- Exercise instructions
Restate every line of the material below word for word, skipping the images.

------ Data for this exercise

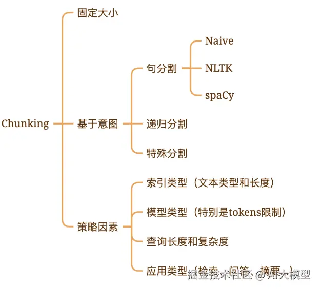 - Lang Chain框架:提供多种分块策略,包括RecursiveCharacterTextSplitter、MarkdownTextSplitter等
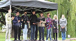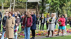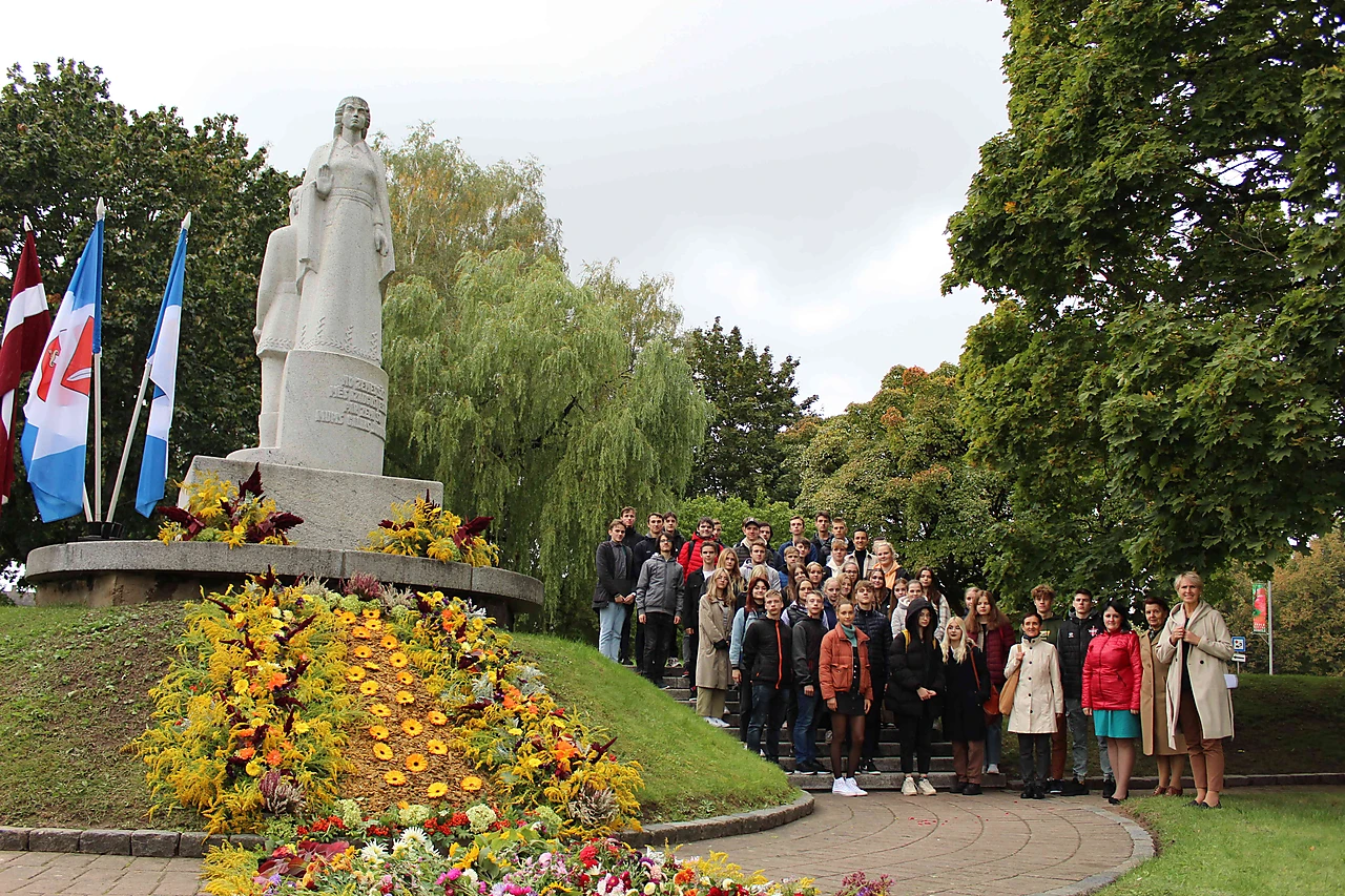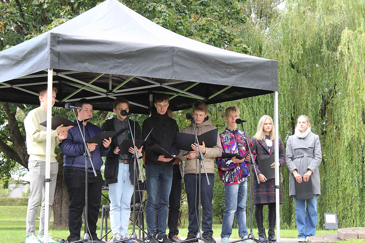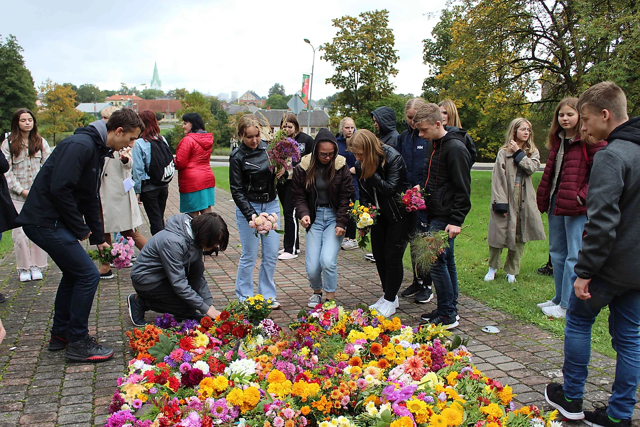 Turpinot tradīciju, 21.septembrī Dobeles Valsts ģimnāzijas 11.klases skolēni devās pie Dobeles Atbrīvošanas pieminekļa, kur tika veidots ziedu paklājs. Skolēni uzstājās ar skolotāju Vēsmas Rones un Ilzes Oses sagatavoto dzejas montāžu, un par muzikālo sveicienu bija parūpējušies KPTT ansambļa puiši skolotāja Raimonda Bulmera vadībā.
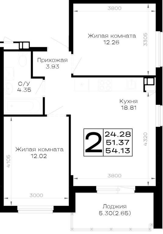Жилая площадь 24.28 м2, кухня 18.81 м2, предчистовая отделка.
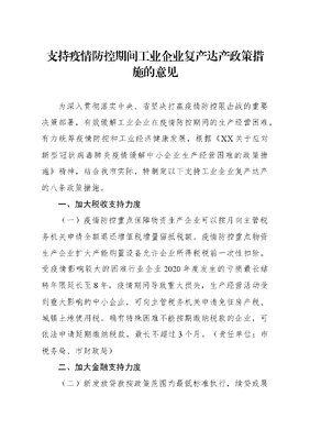 支持疫情防控期间工业企业复产达产政策措施的意见.docx
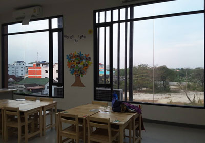 และอาจจะกระทบไปถึงการเรียน เด็กๆเวลาที่เขาร้อนเขาจะไม่มีสมาธิ เขาจะกระวนกระวายใจ ดังนั้นฉันจึงเข้าไปหาข้อมูลเกี่ยวกับเรื่องสถานที่มีกระจกล้อมรอบ ควรจะมีวิธีลดความร้อนของแสงแดดที่ส่องผ่านเข้ามาได้ยังไง และฉันก็ได้โทรไปปรึกษากับทางช่างแขกว่าควรจะทำยังไงดี

------------

- Response
 - Lang Chain框架:提供多种分块策略,包括RecursiveCharacterTextSplitter、MarkdownTextSplitter等
 Turpinot tradīciju, 21.septembrī Dobeles Valsts ģimnāzijas 11.klases skolēni devās pie Dobeles Atbrīvošanas pieminekļa, kur tika veidots ziedu paklājs. Skolēni uzstājās ar skolotāju Vēsmas Rones un Ilzes Oses sagatavoto dzejas montāžu, un par muzikālo sveicienu bija parūpējušies KPTT ansambļa puiši skolotāja Raimonda Bulmera vadībā.
Жилая площадь 24.28 м2, кухня 18.81 м2, предчистовая отделка.
 支持疫情防控期间工业企业复产达产政策措施的意见.docx
 และอาจจะกระทบไปถึงการเรียน เด็กๆเวลาที่เขาร้อนเขาจะไม่มีสมาธิ เขาจะกระวนกระวายใจ ดังนั้นฉันจึงเข้าไปหาข้อมูลเกี่ยวกับเรื่องสถานที่มีกระจกล้อมรอบ ควรจะมีวิธีลดความร้อนของแสงแดดที่ส่องผ่านเข้ามาได้ยังไง และฉันก็ได้โทรไปปรึกษากับทางช่างแขกว่าควรจะทำยังไงดี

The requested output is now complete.